O Amor Está Escondido

“A sociedade de atual enterrou para sempre o amor! Não o vejo nas pessoas. Hoje em dia ninguém quer se envolver de verdade. Sentimento em extinção, ele não está mais por aí. Talvez eu seja o único que ainda se sujeite a sofrer por ele. Você não acha Fábio?”

Em uma paráfrase, no mínimo questionável (culpa da memória ineficiente), foi isso que me perguntaram ontem em uma mesa de bar. O dono da frase em questão, trata-se de um amigo de longa data, apaixonado, levemente romântico e descrente por não correspondido. Não, eu respondo. O amor não está sepultado e naufragado abaixo de sete palmos de terra. O amor, meu caro amigo, existe, mas está escondido.

Escondido nos lençóis, usados e ainda quentes; na penumbra de um sorriso que se despede e vai embora. Nas cartas esquecidas no fundo de uma gaveta; nos breves sinais de posse, escondido está o amor. Nas figuras de linguagem: metáforas e sinestesias; entre o primeiro trago e o último gole e disfarçado nas cores de um batom. Vigiando pelo buraco da fechadura; e sussurrado aos ouvidos de alguém, em noite de qualquer céu. Escondido em sonetos de rimas pobres ou preciosas, em versos decassílabos ou alexandrinos; lá no alto, no baile das nuvens, estrelas e demais astros. No horizonte e na horizontal; no poder e no prazer; na liberdade vigiada; em um beijo em todos os beijos; no adeus até amanhã; na sina e nos sinais; entre o pano e a epiderme; na distância logo ao lado, o amor se escondeu. Nos versos de “Sete Cidades”; em “Mariana” de Jorge Amado. Espalhado pelo vento, misturado à poeira fina e folhas secas. Camuflado no detalhe; engasgado em algumas palavras e tropeçando em alguns gestos, o amor segue se escondendo. Nas peças de roupa espalhadas pelo chão; na sanidade de um louco e na loucura da razão. No perfume de um edredom; nos rituais sem regras; nas curvas de porcelana de um corpo nu é onde ele está escondido. O amor repousa em travesseiro fofo e dorme enquanto o mundo cai. Não! Ele não se encontra necessariamente nas provas de “amor”, ou nas juras de “amor”, mas sim no sótão das ideologias; jorrando e escorrendo pelo ralo; ascendendo ou recuando com o andar dos ponteiros e passar das estações. Nas tintas de uma caneta; em letras garranchadas e apressadas; pichado nos muros: fulana eu te amo! Caminhando de mãos dadas pelas ruas com outro amor está o mesmo amor. Na saliva atrás da orelha; no borrão inconveniente em um pescoço, nos arranhões que marcam as costas. Caminhando nos fios do telefone; está no sereno da noite e uivando para a Lua, está no cinza de um dia frio procurando um lugar ao sol. Sei que os velhos discos e diários, esconderijos são, do amor. Não está no coração, lá já foi muito procurado, discreto e fugitivo migrou para outro lugar. Um pouco à cima do abdômen é que se esconde o tenro amor. Em sonhos e tentações; no porta-retrato na cabeceira de uma cama. Sobretudo nas reticências, entre parênteses, ausente de aspas, sem vírgulas e na exclamação, escondido o amor está.
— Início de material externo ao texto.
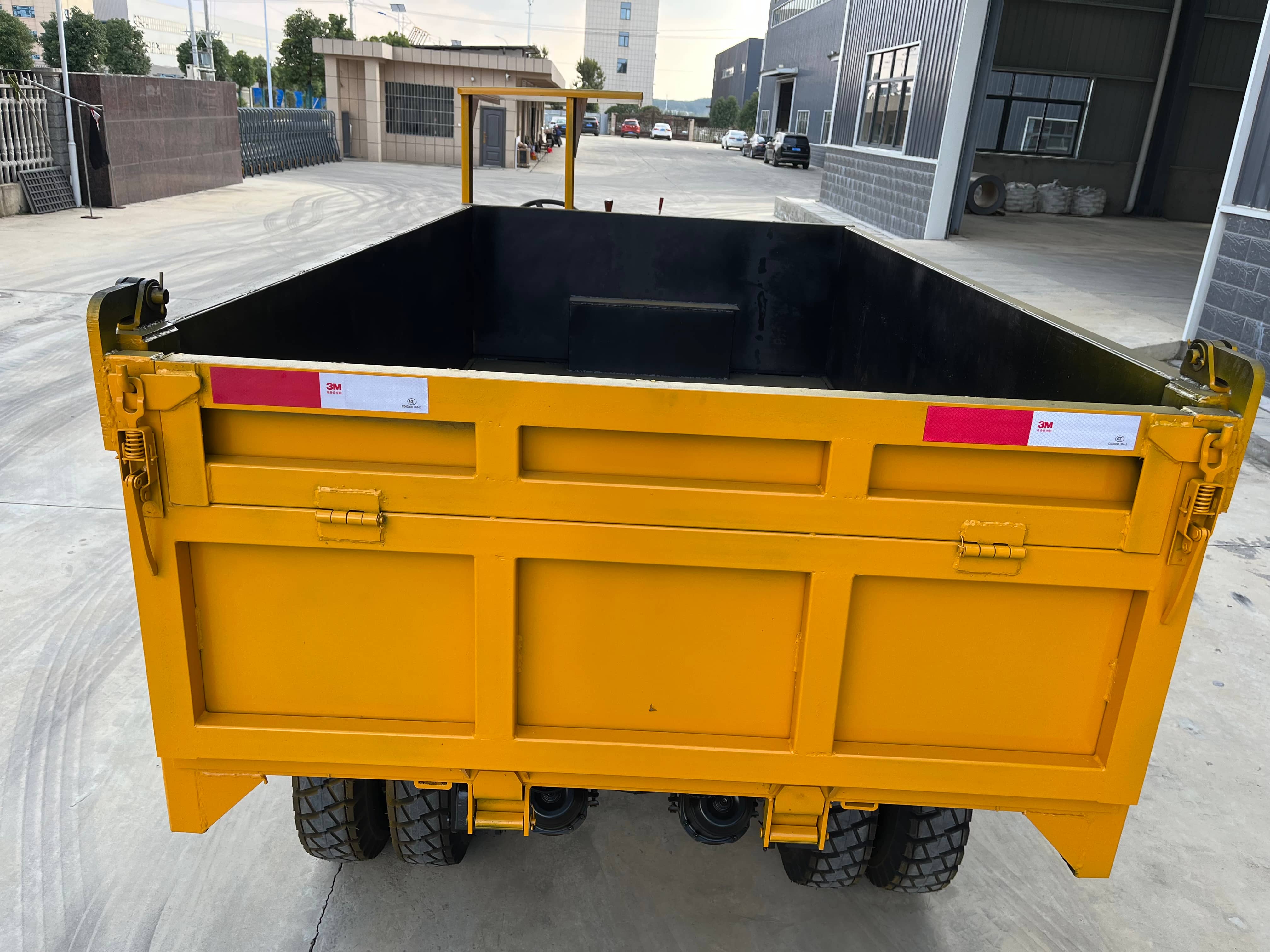 在窄巷适配与结构耐用性层面,该车精准契合中小型矿山的空间限制:整车默认尺寸为 400016501600mm(可按需定制),可顺利通行于 2.2m 以上净空的低矮巷道;前轮配备 2 套 650-16 矿山轮胎、后轮搭配 4 套 650-16 矿山轮胎,接地面积与抓地力同步强化,适配高频重载的复杂路面使用。同时,车厢默认规格为 26001600600mm,底板 8mm + 边板 6mm 的加厚钢板(厚度、尺寸均可定制),搭配 16080mm 矩形管车架、16 片 7513mm 后悬挂钢板,大幅提升了长期重载作业的结构强度,设备使用寿命较轻型矿用车延长约 30%。

E escondido o amor se encontra, zanzando por aí como um indigente. Disfarçado de amizade, carência, ou compaixão, ele bate de porta em porta. Não implorando um sorriso, ou mendigando reconhecimento, mas sim procurando um lugar quente e tranqüilo pra ficar... Ficar... Crescer... Até talvez cansar e se despedir. Andarilho por condição, perseguido por natureza, escondido está o amor.

Que o amor está escondido pode ser surpresa para os desinformados, motivo de dúvida para os desconfiados, de revolta para os céticos e de preocupação para os ressabiados, porém o que não me surpreende, é com tantos indícios meu amigo, meu grande amigo não ver o amor. Afinal de contas ainda nos dias de hoje, o mesmo amor de outrora, continua cego como sempre.